1001Ferramentas
🔺Generators

Paleta Triádica

Gera 3 cores espaçadas 120° na roda HSL a partir de uma cor base.

3 cores

Triadic palettes: three voices in balance

A triadic palette uses three hues spaced equally — 120° apart — on the color wheel. The HSL math is one step beyond complementary: H1 = X, H2 = (X + 120) mod 360, H3 = (X + 240) mod 360. The result is vibrant and energetic but more balanced than a complementary pair, because no two hues sit in direct opposition. Classic triads include the painters' primaries Red-Yellow-Blue (RYB), the printers' Cyan-Magenta-Yellow (CMY), and the secondary triad Green-Orange-Purple.

Why triads feel alive

Three hues mean three "channels" the eye can track independently — perfect for categorical data visualization (one color per series). The arrangement is also psychologically rich: there is always a warm hue, a cool hue, and a third that mediates. Johannes Itten in his Bauhaus color theory ranked triadic harmony among the most stable: three forces in equilibrium, like a tripod.

Brands that own a triad

  • Google — RYBG logo leans triadic (with green added as a fourth), reading youthful and accessible.
  • Burger King — orange/red/blue, comfort food meets approachability.
  • Toy Story — saturated primaries straight from the RYB triad, signalling childhood joy.
  • Superman — red, blue, yellow on every superhero comic since 1938.

The 60-30-10 rule

Three saturated primaries at full strength look cartoonish — fine for kids, wrong for B2B. Apply the 60-30-10 rule of interior design: 60% dominant color, 30% secondary, 10% accent. Desaturate the two supporting hues, push the dominant one to a sober tone, and the same triad reads as an adult brand. This is how Mondrian's Composition with Red, Blue and Yellow (1930) keeps three primaries from screaming — the white grid acts as the 60% neutral.

Pitfalls

  • Three highly saturated hues at equal weight create visual chaos — modulate at least two.
  • Triads can fail WCAG on individual pairs even when the whole palette looks balanced — test every text/background combination separately.
  • For categorical charts, never rely on color alone; add a shape or pattern, especially for the green/red pair.
  • If you need a sober, B2B-serious tone, a complementary or analogous palette is usually a better fit.

FAQ

Do the three colors need identical saturation and lightness? No — modulate at least one. Pure equal-weight triads look like a kindergarten poster; adult brands desaturate two of the three.

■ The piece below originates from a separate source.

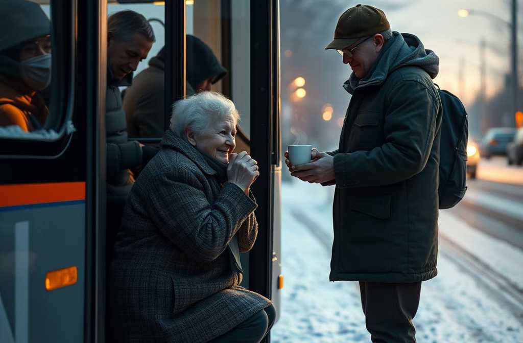 Мария Ивановна медленно подошла к двери. Каждый её шаг давался усилием. Двери с грохотом открылись, и ледяной ветер ударил её в лицо. Она остановилась на ступеньке, не отводя глаз от водителя, и тихо, но твёрдо произнесла: «Тебя я когдато родила, сынок, с любовью. А теперь ты не позволяешь даже мне сесть». Затем она вышла и ушла в снежную стужу.

Will the palette pass WCAG? Evaluate each text/background pair separately. A triad can look harmonious overall while a specific yellow-on-white combination fails 4.5:1.

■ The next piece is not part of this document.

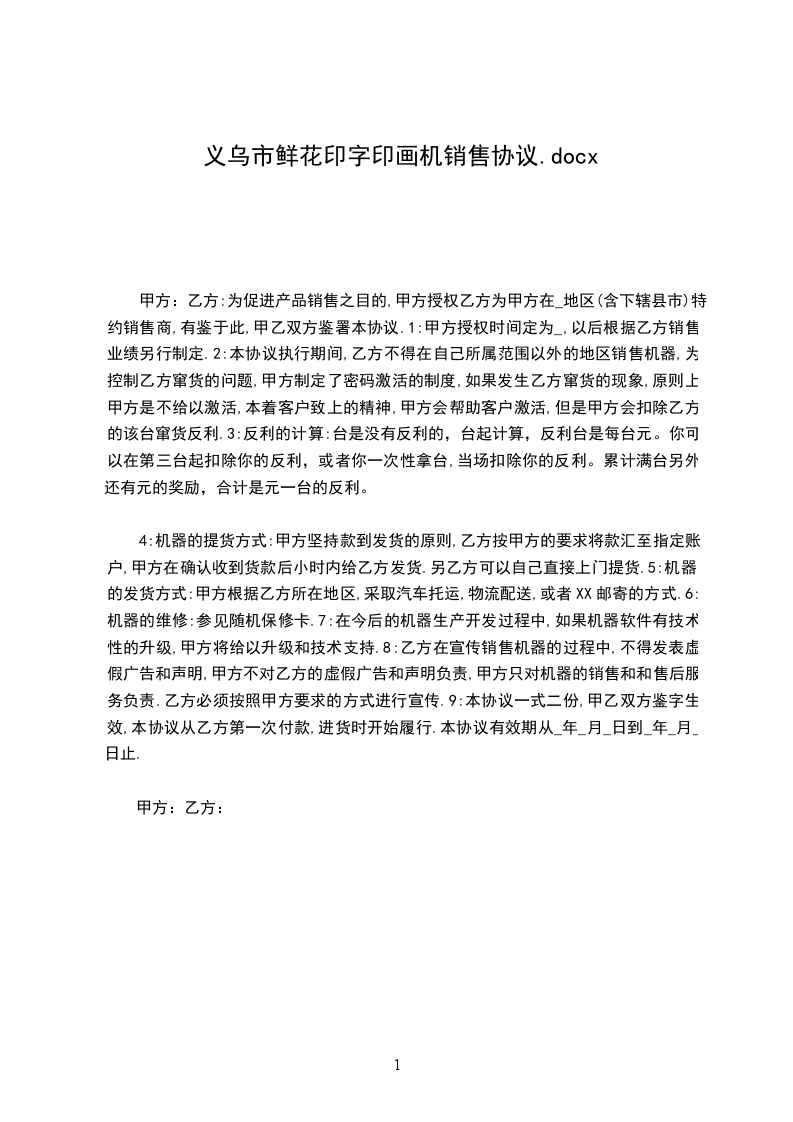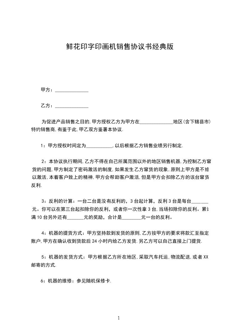为促进产品销售之目的,甲方授权乙方为甲方在______________地区(含下辖县市)特约销售商,有鉴于此,甲乙双方鉴署本协议.

Is triadic right for a serious B2B brand? Usually no. Start with complementary or analogous for fintech, legal, enterprise SaaS. Triadic shines for consumer, kids, entertainment, and education.

How is triadic different from tetradic? Triadic uses three hues 120° apart; tetradic uses four hues forming a rectangle (60°/120° pairs). Tetradic gives more variety but is harder to balance — usually you let one hue dominate.